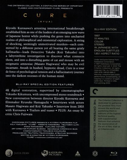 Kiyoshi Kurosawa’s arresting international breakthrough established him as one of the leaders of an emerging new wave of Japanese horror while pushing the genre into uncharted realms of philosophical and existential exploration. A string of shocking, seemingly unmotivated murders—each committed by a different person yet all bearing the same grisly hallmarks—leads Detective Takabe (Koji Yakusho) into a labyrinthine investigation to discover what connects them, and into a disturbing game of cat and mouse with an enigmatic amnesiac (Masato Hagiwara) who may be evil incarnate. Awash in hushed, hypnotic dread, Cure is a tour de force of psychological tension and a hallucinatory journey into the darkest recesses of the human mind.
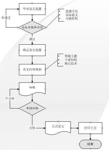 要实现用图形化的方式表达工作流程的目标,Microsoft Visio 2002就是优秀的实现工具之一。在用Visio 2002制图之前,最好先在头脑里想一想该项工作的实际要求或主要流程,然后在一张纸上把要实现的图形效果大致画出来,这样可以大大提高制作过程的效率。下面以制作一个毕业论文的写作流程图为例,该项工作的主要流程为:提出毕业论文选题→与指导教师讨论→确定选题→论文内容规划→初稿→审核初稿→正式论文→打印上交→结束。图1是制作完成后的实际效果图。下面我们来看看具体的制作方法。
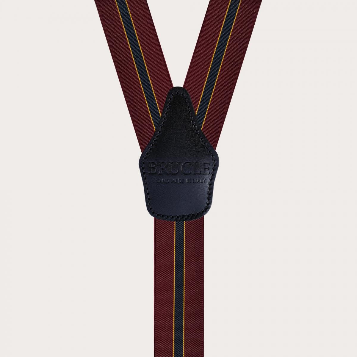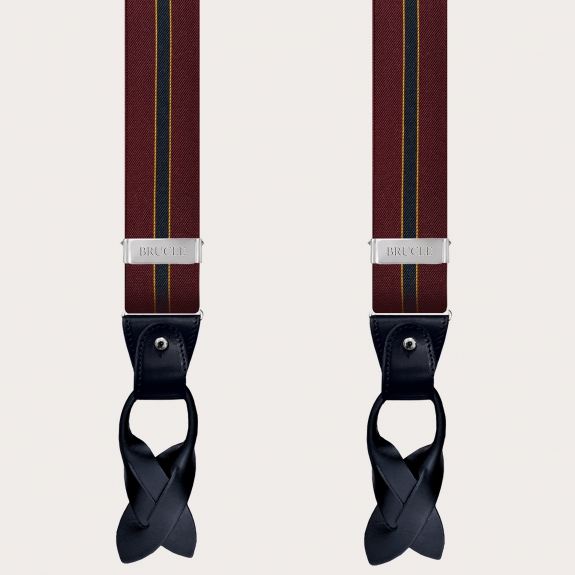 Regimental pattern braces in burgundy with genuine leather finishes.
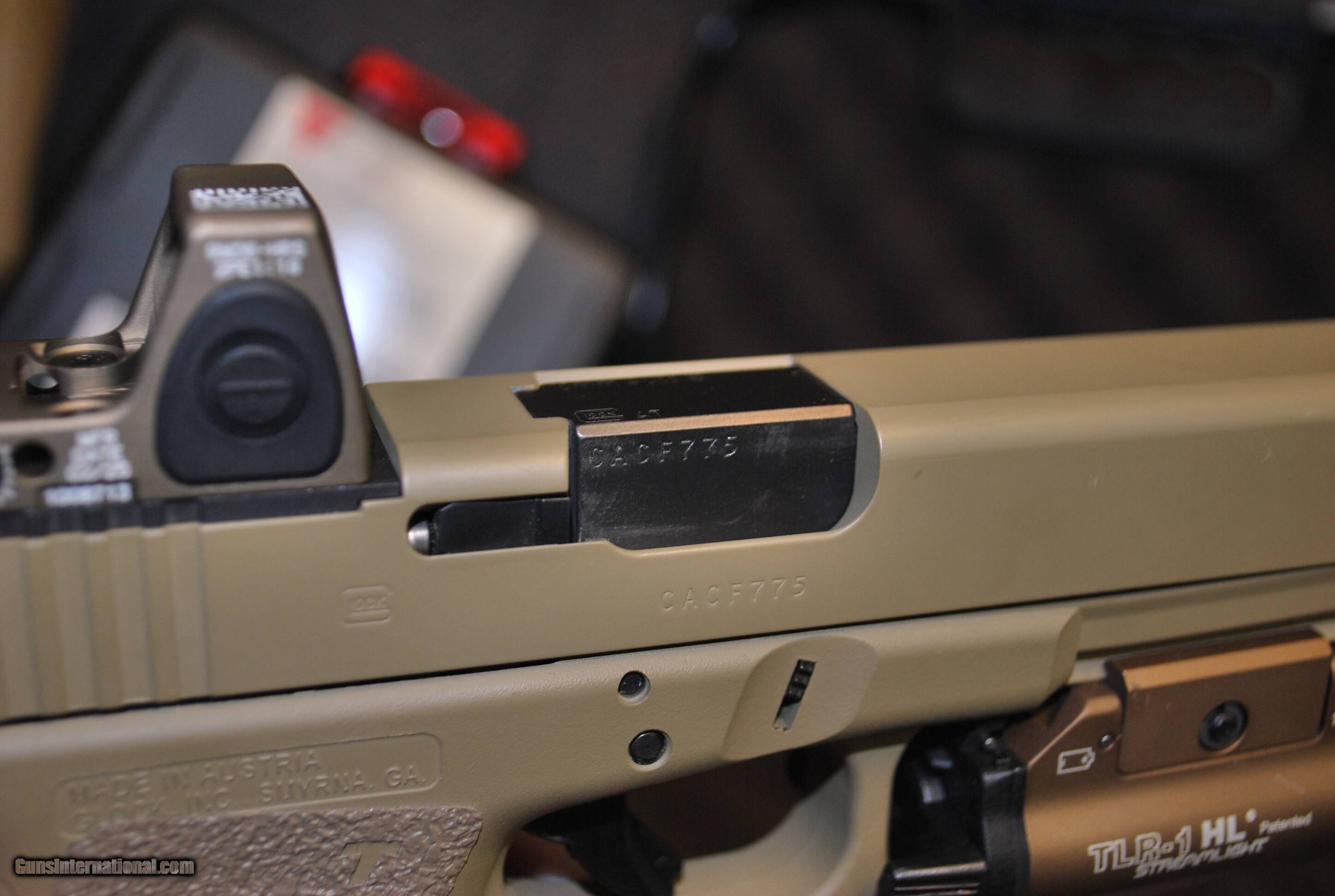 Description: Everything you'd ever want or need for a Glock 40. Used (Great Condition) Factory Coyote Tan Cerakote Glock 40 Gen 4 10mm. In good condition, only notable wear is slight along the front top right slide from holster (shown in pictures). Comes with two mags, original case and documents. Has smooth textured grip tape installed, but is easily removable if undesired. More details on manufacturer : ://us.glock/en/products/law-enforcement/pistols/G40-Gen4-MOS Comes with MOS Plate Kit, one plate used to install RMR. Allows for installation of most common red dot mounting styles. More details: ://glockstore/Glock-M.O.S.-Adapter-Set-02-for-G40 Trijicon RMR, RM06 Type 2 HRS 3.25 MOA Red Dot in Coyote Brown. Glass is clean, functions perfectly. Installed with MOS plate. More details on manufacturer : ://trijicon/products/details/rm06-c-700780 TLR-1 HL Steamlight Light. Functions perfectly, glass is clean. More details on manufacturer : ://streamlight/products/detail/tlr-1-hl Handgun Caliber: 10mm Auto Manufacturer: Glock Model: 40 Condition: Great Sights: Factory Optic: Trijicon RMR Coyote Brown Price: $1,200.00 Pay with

*Work instructions:* Here the job is to output the lines from the top of the listing through the line holding "Regimental pattern braces", word for word and without pictures.

*Exercise response:*
 Kiyoshi Kurosawa’s arresting international breakthrough established him as one of the leaders of an emerging new wave of Japanese horror while pushing the genre into uncharted realms of philosophical and existential exploration. A string of shocking, seemingly unmotivated murders—each committed by a different person yet all bearing the same grisly hallmarks—leads Detective Takabe (Koji Yakusho) into a labyrinthine investigation to discover what connects them, and into a disturbing game of cat and mouse with an enigmatic amnesiac (Masato Hagiwara) who may be evil incarnate. Awash in hushed, hypnotic dread, Cure is a tour de force of psychological tension and a hallucinatory journey into the darkest recesses of the human mind.
 要实现用图形化的方式表达工作流程的目标,Microsoft Visio 2002就是优秀的实现工具之一。在用Visio 2002制图之前,最好先在头脑里想一想该项工作的实际要求或主要流程,然后在一张纸上把要实现的图形效果大致画出来,这样可以大大提高制作过程的效率。下面以制作一个毕业论文的写作流程图为例,该项工作的主要流程为:提出毕业论文选题→与指导教师讨论→确定选题→论文内容规划→初稿→审核初稿→正式论文→打印上交→结束。图1是制作完成后的实际效果图。下面我们来看看具体的制作方法。
 Regimental pattern braces in burgundy with genuine leather finishes.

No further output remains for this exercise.